# [EXERCISE AIM]
Print the records below exactly, from the line containing "teams, and club." down to the line containing "ピンクスカートハローキティネ", both lines included, and omit every picture.
(STUDY MATERIAL)
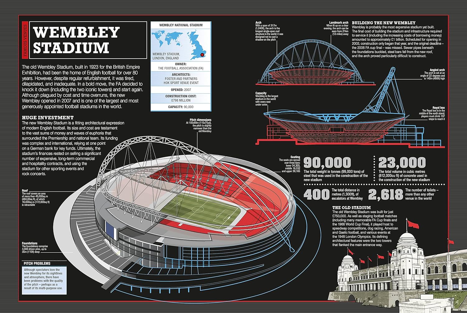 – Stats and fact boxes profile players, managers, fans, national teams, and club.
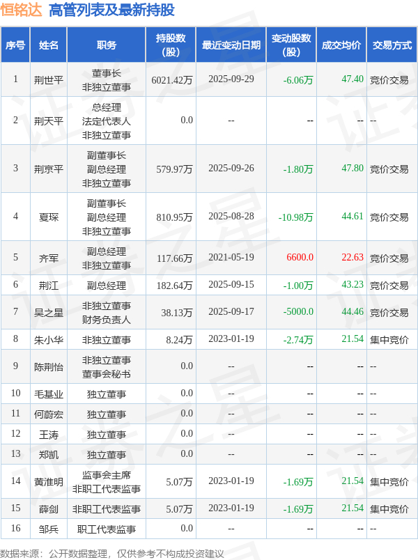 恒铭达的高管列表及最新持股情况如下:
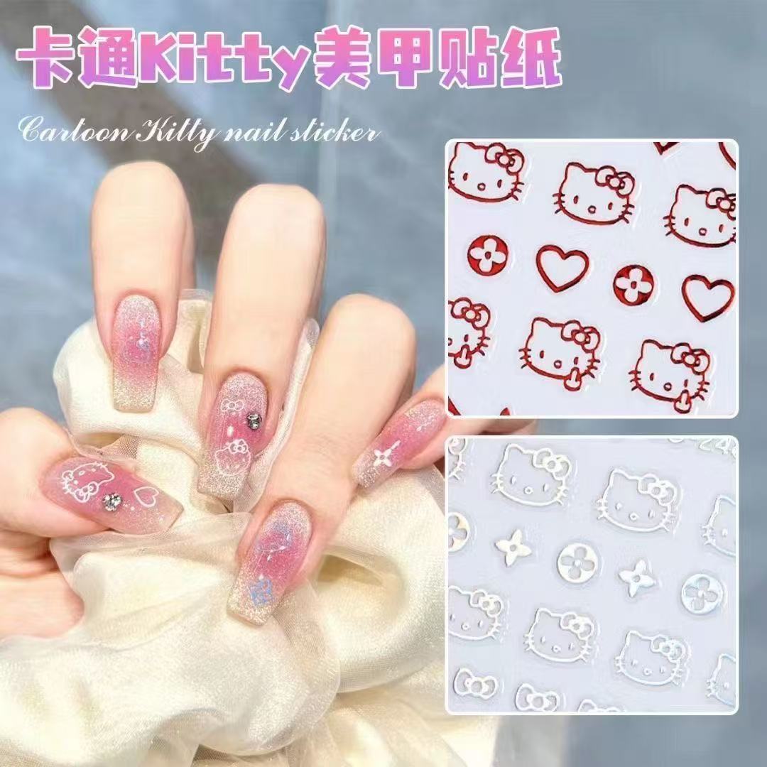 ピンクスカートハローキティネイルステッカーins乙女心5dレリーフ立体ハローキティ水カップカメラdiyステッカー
(End STUDY MATERIAL)
(STUDY MATERIAL)
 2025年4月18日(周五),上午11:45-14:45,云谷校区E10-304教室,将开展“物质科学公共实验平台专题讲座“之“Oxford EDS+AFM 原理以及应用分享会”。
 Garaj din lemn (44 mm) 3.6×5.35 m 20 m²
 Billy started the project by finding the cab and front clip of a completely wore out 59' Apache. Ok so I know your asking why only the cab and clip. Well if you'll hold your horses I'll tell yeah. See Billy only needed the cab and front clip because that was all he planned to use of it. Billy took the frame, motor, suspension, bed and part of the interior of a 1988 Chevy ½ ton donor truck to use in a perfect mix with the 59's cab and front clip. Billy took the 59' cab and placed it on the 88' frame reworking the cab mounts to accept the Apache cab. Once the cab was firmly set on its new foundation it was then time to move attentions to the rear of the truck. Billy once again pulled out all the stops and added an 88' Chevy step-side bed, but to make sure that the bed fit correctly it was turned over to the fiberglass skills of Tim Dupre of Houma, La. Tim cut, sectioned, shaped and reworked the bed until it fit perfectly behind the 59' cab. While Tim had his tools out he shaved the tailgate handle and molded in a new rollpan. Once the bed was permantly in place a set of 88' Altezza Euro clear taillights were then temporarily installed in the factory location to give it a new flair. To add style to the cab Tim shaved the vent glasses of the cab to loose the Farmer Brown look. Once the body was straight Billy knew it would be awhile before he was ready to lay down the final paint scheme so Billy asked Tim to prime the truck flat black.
(End STUDY MATERIAL)
(STUDY MATERIAL)
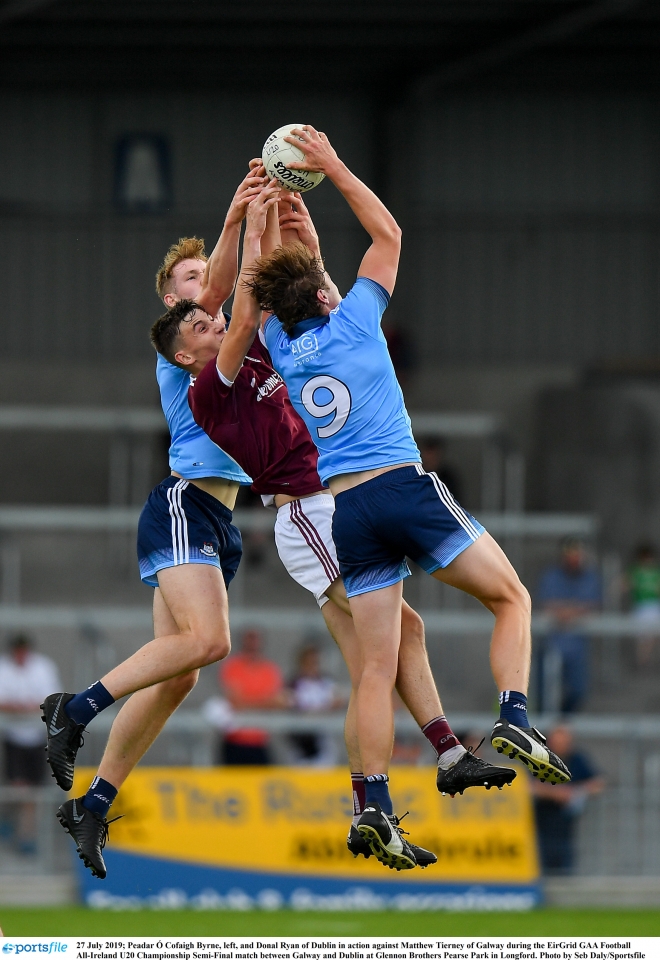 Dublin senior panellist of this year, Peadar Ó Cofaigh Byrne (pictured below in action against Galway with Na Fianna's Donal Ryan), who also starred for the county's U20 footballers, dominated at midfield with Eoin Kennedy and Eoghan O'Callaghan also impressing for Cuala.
(End STUDY MATERIAL)
# [YOUR SOLUTION]
 – Stats and fact boxes profile players, managers, fans, national teams, and club.
 恒铭达的高管列表及最新持股情况如下:
 ピンクスカートハローキティネイルステッカーins乙女心5dレリーフ立体ハローキティ水カップカメラdiyステッカー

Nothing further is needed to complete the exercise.